- Download the latest release from this repository, enter the directory containing it.
- Install pip requirements:
pip3 install -r requirements.txt
The scrapping tool contains five major scripts:
- zohar_download_article.py
- zohar_preprocess_file.py
- zohar_split_heuristic.py
- zohar_create_summary.py
- zohar_process_root.py
To check the exact paramters of every script run:
python3 {script_name} --help
Brief description of each script is provided below.
This script gets a link to an article on kabbalahmedia.info website, downloads docx files of the article in Hebew and English and saves them in a directory named by article title and id.
This script receives the paths of the two files downloaded by zohar_download_article.py and converts them to clear text files using the following rules:
- By default all paragraphs are put on new lines and all other newlines are removed.
- There is an optional chunk argument, which allows to split the text not only by paragraphs but also by sentences and characters or not to split at all.
- The number of characters taken when chunk option equals 'characters' is passed as an argument.
- When chunk option equals 'sentences' the sentences boundaries are determined by predefined regular expressions located in regex_{lang}.py file.
- When chunk option is 'joined' all paragraphs in the same Ot are joined.
- After the initial clear text content is created it is altered using regular expressions describing language specific replace directives. These regular expressions are also defined in regex_{lang}.py.
This script gets english and hebrew text files and the maximum number of words per english text entry and outputs new pair of files (or overrides existsing files). Every Ot in the output is split so that the length of every chunk inside does not diverge too much from the requested number of words.

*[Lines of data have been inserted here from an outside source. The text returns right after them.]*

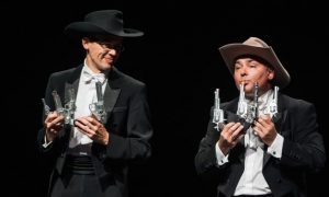 – Ну конечно, мы следим за тем, что происходит на современной поп-сцене. И по возможности черпаем из нее вдохновение. Наш номер, где наш Михаил поет как Майкл Джексон – своего рода дань уважения этому великому поп-исполнителю. Мы считаем его одним из самых лучших. Да, в наших номерах встречаются много знаменитых популярных мелодий. Однако, должен честно вам сказать, что за вдохновением мы скорее обратимся к музыке Beatles, чем к Jay Z.
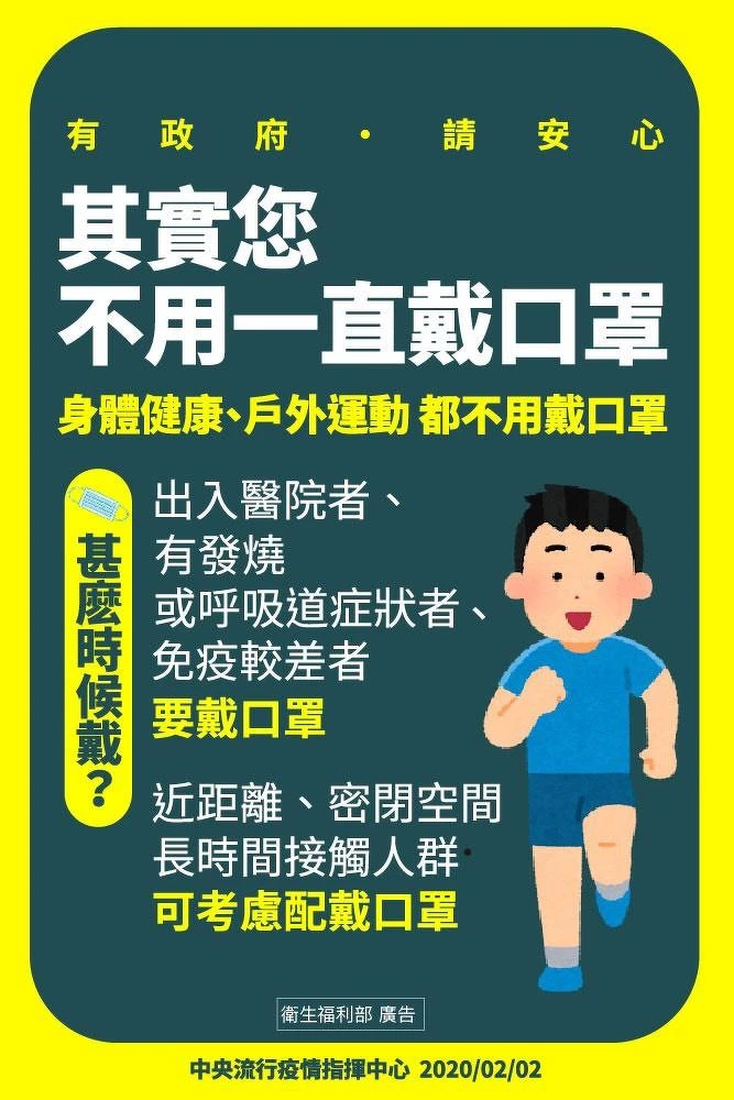 其實不用一直戴著口罩,2/2中央流行疫情指揮中心最新更新宣導。
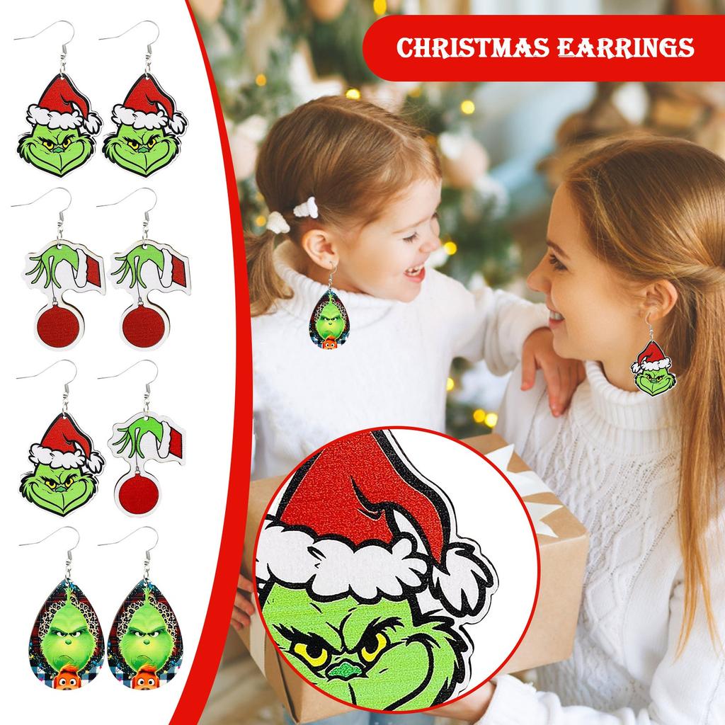 Рождественские деревянные серьги Зеленые волосы Рождественский подарок Висячие деревянные серьги Серьги
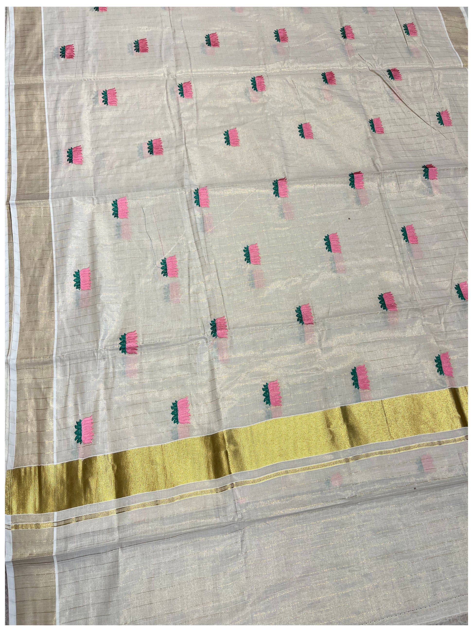 Southloom Lotus Pink and Green Embroidery Tissue Kerala Saree
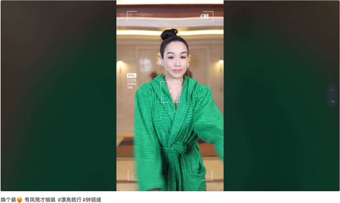 视频中,50岁的钟丽缇素颜出镜,扎起丸子头戴着十字钻石耳钉,很是亮眼优雅。她裹紧亮绿色条纹浴袍,随着音乐节奏慢慢地扭动腰肢。
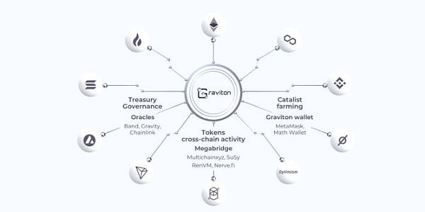 有了Graviton后,社区可以在生态系统中快速转移代币,而Graviton Catalyst则计划奖励具备流动性的包裹代币,允许各种代币化区块链项目扩展到非原生网络。
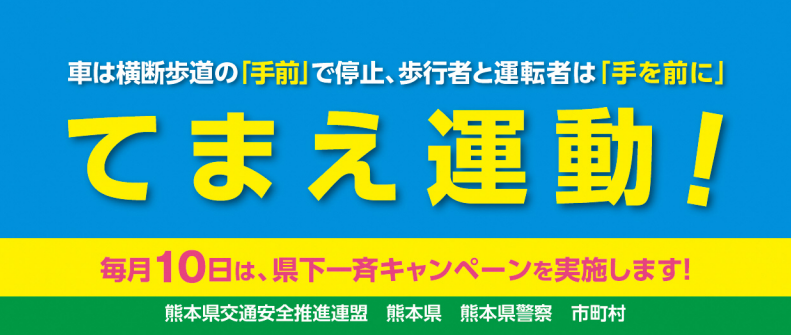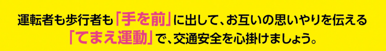 横断中の交通事故が増えています。車は横断歩道の「手前」で停止、歩行者と運転者は「手を前に」出す、『てまえ運動』を心掛けましょう。
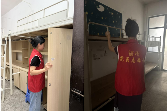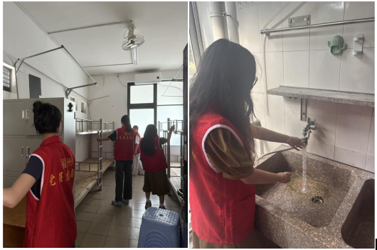 打扫完毕后,学长学姐们又化身 “设施检修员”,逐一对宿舍内的桌椅、床铺栏杆进行检查,轻轻晃动桌椅查看是否稳固,细致触摸床铺栏杆确认有无松动;同时逐一测试水电开关,检查水龙头是否漏水、灯具是否正常照明,确保每一项设施都能安全使用。发现个别宿舍的桌椅螺丝松动,学长们当场找来工具拧紧;遇到水龙头轻微滴水的情况,立即在党员教师的协调下联系后勤人员到场维修,用 “提前一步” 的用心,让新生拎包入住无顾虑。
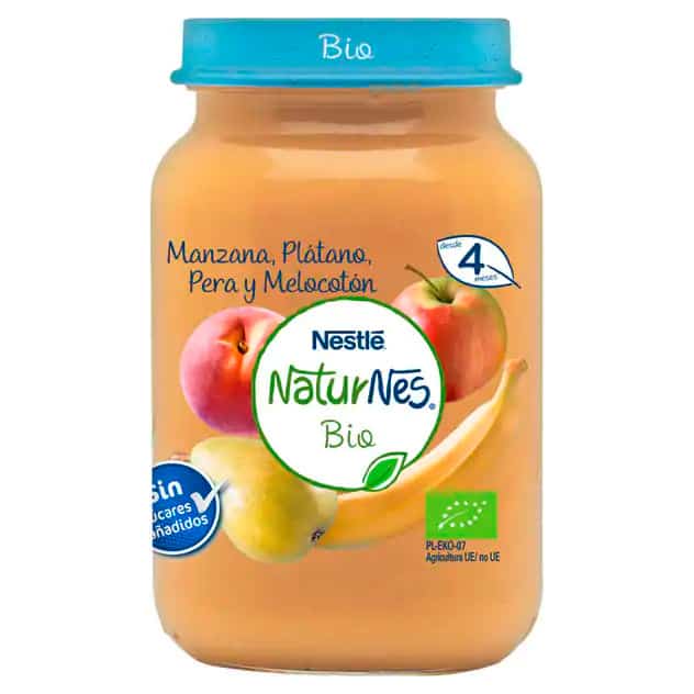 Alimento infantil. Puré de plátano, manzana, pera y melocotón.
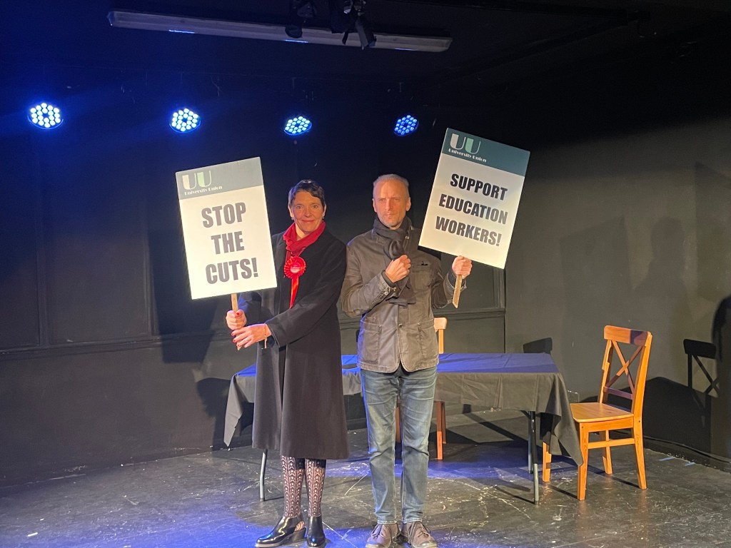 Local MP Sally Finch (Antonia Beamish) actively supports local University Lecturer Jim Marr (Michael Palmer) on the picket line as he protests against the further proposed cuts in Education. However, when he meets Sofia Peters (Catherine Adams) she isn’t as quick to support as nobody was there to represent her Mother whose cleaning job in the University was unfavorably changed without consultation and came out against these changes to protect her interests and future.
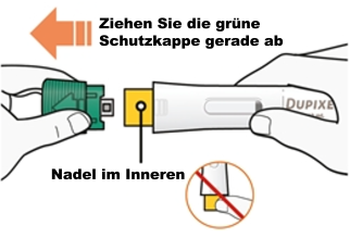 Entfernen Sie die grüne Schutzkappe erst, wenn Sie zur Injektion bereit sind.
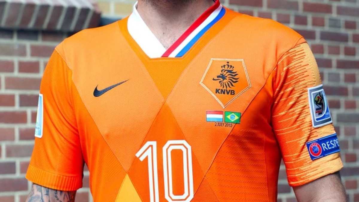 Sneijder recibió una camiseta compuesta por retazos de todas las que usó en la Selección
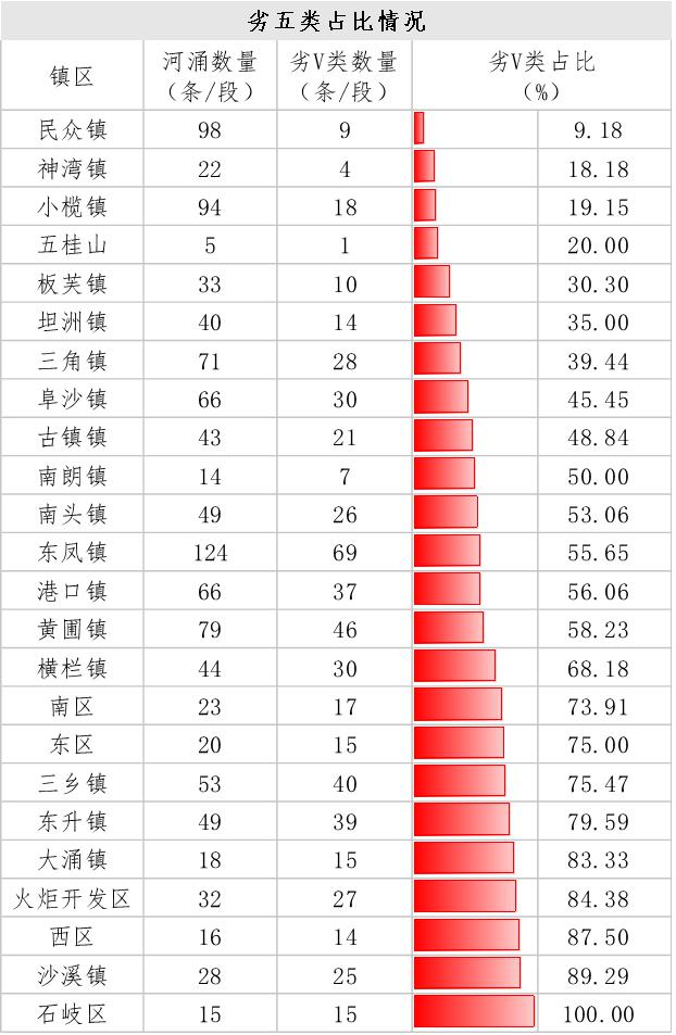 (三)2019年第四季度我市各镇区劣五类河涌占比情况

Note that in the output of this script, the chunks are divided by two newline characters ('\n').
This script gets english and hebrew text files and creates html file containing chunking summary for every letter in the input.
This script runs zohar_download_article.py, zohar_preprocess_article.py, zohar_split_heuristic.py and zohar_create_summary.py on all links contained in the article tree on kabbalahmedia.info website.
Language related regexes are located in a file regexes_{lang}.py
file where {lang}
can be either he
or en
. Every language regex file must define the following constants:
- ITEM
- Beggining of a new item (אות)
- SENTENCES_SPLIT
- List of regexes that split the sentences (used when chunk='sentences').
- SENTENCES_KEEP
- List of regexes that prevent the sentence from being split (used when chunk='sentences', has precedence over SENTENCES_SPLIT).
- REPLACE
- Replacement regexes (pairs of items: regex pattern and a replacement string)
- HIGHLIGHT
- Hightlighted text regexes (the highlighted text is added to the comments in the summary html)